Far from the Madding Crowd By Thomas Hardy Chapter 40

This was a practical application of the principle that a half-feigned and fictitious faith is better than no faith at all.

She passed five posts and held on to the fifth.

"I'll pass five more by believing my longed-for spot is at the next fifth. I can do it."

She passed five more.

"It lies only five further."

She passed five more.

"But it is five further."

She passed them.

"That stone bridge is the end of my journey," she said, when the bridge over the Froom was in view.

She crawled to the bridge. During the effort each breath of the woman went into the air as if never to return again.

"Now for the truth of the matter," she said, sitting down. "The truth is, that I have less than half a mile." Self-beguilement with what she had known all the time to be false had given her strength to come over half a mile that she would have been powerless to face in the lump. The artifice showed that the woman, by some mysterious intuition, had grasped the paradoxical truth that blindness may operate more vigorously than prescience, and the short-sighted effect more than the far-seeing; that limitation, and not comprehensiveness, is needed for striking a blow.

The half-mile stood now before the sick and weary woman like a stolid Juggernaut. It was an impassive King of her world. The road here ran across Durnover Moor, open to the road on either side. She surveyed the wide space, the lights, herself, sighed, and lay down against a guard-stone of the bridge.

Never was ingenuity exercised so sorely as the traveller here exercised hers. Every conceivable aid, method, stratagem, mechanism, by which these last desperate eight hundred yards could be overpassed by a human being unperceived, was revolved in her busy brain, and dismissed as impracticable. She thought of sticks, wheels, crawling — she even thought of rolling. But the exertion demanded by either of these latter two was greater than to walk erect. The faculty of contrivance was worn out. Hopelessness had come at last.

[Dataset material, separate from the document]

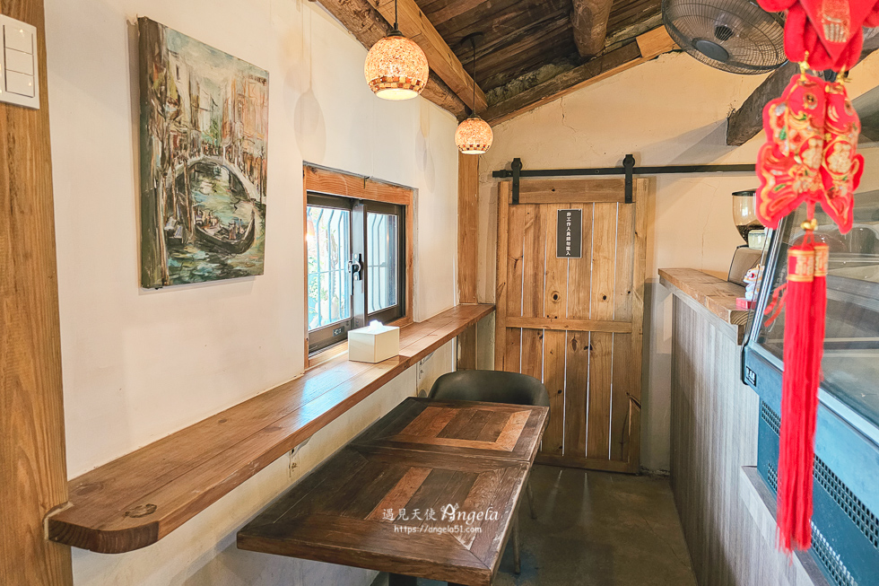 室內座位不多,木造的樑柱更顯得老屋的珍貴。屋頂上有開洞讓光線引入室內,增加明亮度。

"No further!" she whispered, and closed her eyes.

From the stripe of shadow on the opposite side of the bridge a portion of shade seemed to detach itself and move into isolation upon the pale white of the road. It glided noiselessly towards the recumbent woman.

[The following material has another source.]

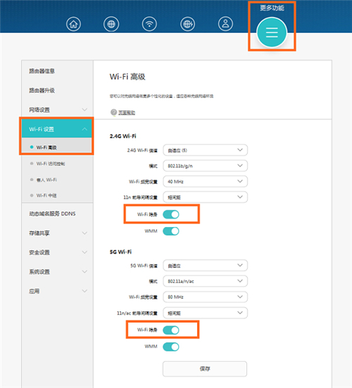 2、“更多功能”——>“Wi-Fi設置”——>“Wi-Fi高級”——>在“2.4G Wi-Fi”選項下,打開“Wi-Fi隱藏”的開關——>繼續在“5G Wi-Fi”選項下,打開“Wi-Fi隱藏”的開關——>點擊“保存”。

She became conscious of something touching her hand; it was softness and it was warmth. She opened her eye's, and the substance touched her face. A dog was licking her cheek.

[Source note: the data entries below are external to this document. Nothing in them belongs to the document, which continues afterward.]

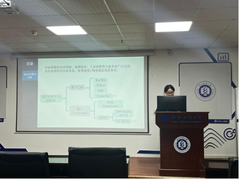 李珠婷同学分享的主题为“DETRs Beat YOLOs on Real-time Object Detection”。她们针对YOLO系列受非极大值抑制(NMS)限制导致推理延迟不稳定,以及现有DETR计算成本过高无法实时的问题,提出了首个实时端到端目标检测器RT-DETR。该模型设计了高效混合编码器,通过解耦多尺度特征交互大幅降低计算量;并提出不确定性最小化查询选择策略,优化初始查询质量以提升精度。此外,模型支持无需重训的灵活速度调节。
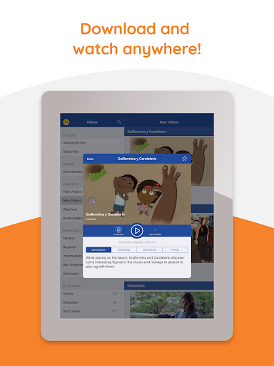 I contenuti popolari includono programmi televisivi, video musicali, interviste, animazione, documentari e video di viaggio. YaBLA è funzionale attraverso i dispositivi. L'abbonamento APP include anche l'accesso al nostro sito web con tutti gli esercizi e giochi linguistici! Usa yabla ovunque tu sia, a casa o in movimento.
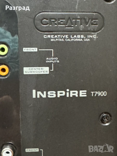 Високоговорителите Creative Inspire T7900 осигуряват несравнимо потапяне в 7.1 съраунд звук в игри, филми и музика. Когато се използват със звукови карти Sound Blaster 7.1, те поддържат най-новите и най-модерни стандарти за съраунд звук, налични днес. Предните сателити включват високочестотни и средночестотни драйвери за детайлна средна до висока тоналност, а подсиленият дървен субуфер осигурява динамичен бас. Предният централен високоговорител има допълнително усилване за подобрен диалог и ефекти, докато хоризонталният му дизайн позволява да бъде позициониран за оптимални резултати като система за домашно кино. Гъвкавата свързаност чрез субуфера и кабелното дистанционно управление позволява използване с множество източници на звук, а технологията CMSS up-mix на Creative поддържа 7.1 изход от 5.1 или 6.1 звукови карти.
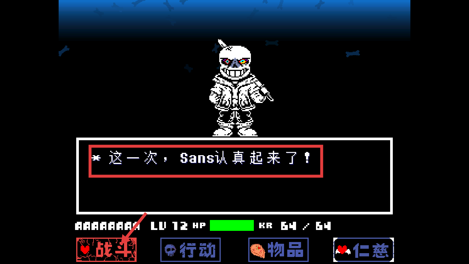 2、遇到Sans认真起来的战斗场景时,点击【战斗】选项,积极应对这场关键对决。

He was a huge, heavy, and quiet creature, standing darkly against the low horizon, and at least two feet higher than the present position of her eyes. Whether Newfoundland, mastiff, bloodhound, or what not, it was impossible to say. He seemed to be of too strange and mysterious a nature to belong to any variety among those of popular nomenclature. Being thus assignable to no breed, he was the ideal embodiment of canine greatness — a generalization from what was common to all. Night, in its sad, solemn, and benevolent aspect, apart from its stealthy and cruel side, was personified in this form. Darkness endows the small and ordinary ones among mankind with poetical power, and even the suffering woman threw her idea into figure.

In her reclining position she looked up to him just as in earlier times she had, when standing, looked up to a man. The animal, who was as homeless as she, respectfully withdrew a step or two when the woman moved, and, seeing that she did not repulse him, he licked her hand again.

A thought moved within her like lightning. "Perhaps I can make use of him — I might do it then!"

She pointed in the direction of Casterbridge, and the dog seemed to misunderstand: he trotted on. Then, finding she could not follow, he came back and whined.

The ultimate and saddest singularity of woman's effort and invention was reached when, with a quickened breathing, she rose to a stooping posture, and, resting her two little arms upon the shoulders of the dog, leant firmly thereon, and murmured stimulating words. Whilst she sorrowed in her heart she cheered with her voice, and what was stranger than that the strong should need encouragement from the weak was that cheerfulness should be so well stimulated by such utter dejection. Her friend moved forward slowly, and she with small mincing steps moved forward beside him, half her weight being thrown upon the animal. Sometimes she sank as she had sunk from walking erect, from the crutches, from the rails. The dog, who now thoroughly understood her desire and her incapacity, was frantic in his distress on these occasions; he would tug at her dress and run forward. She always called him back, and it was now to be observed that the woman listened for human sounds only to avoid them. It was evident that she had an object in keeping her presence on the road and her forlorn state unknown.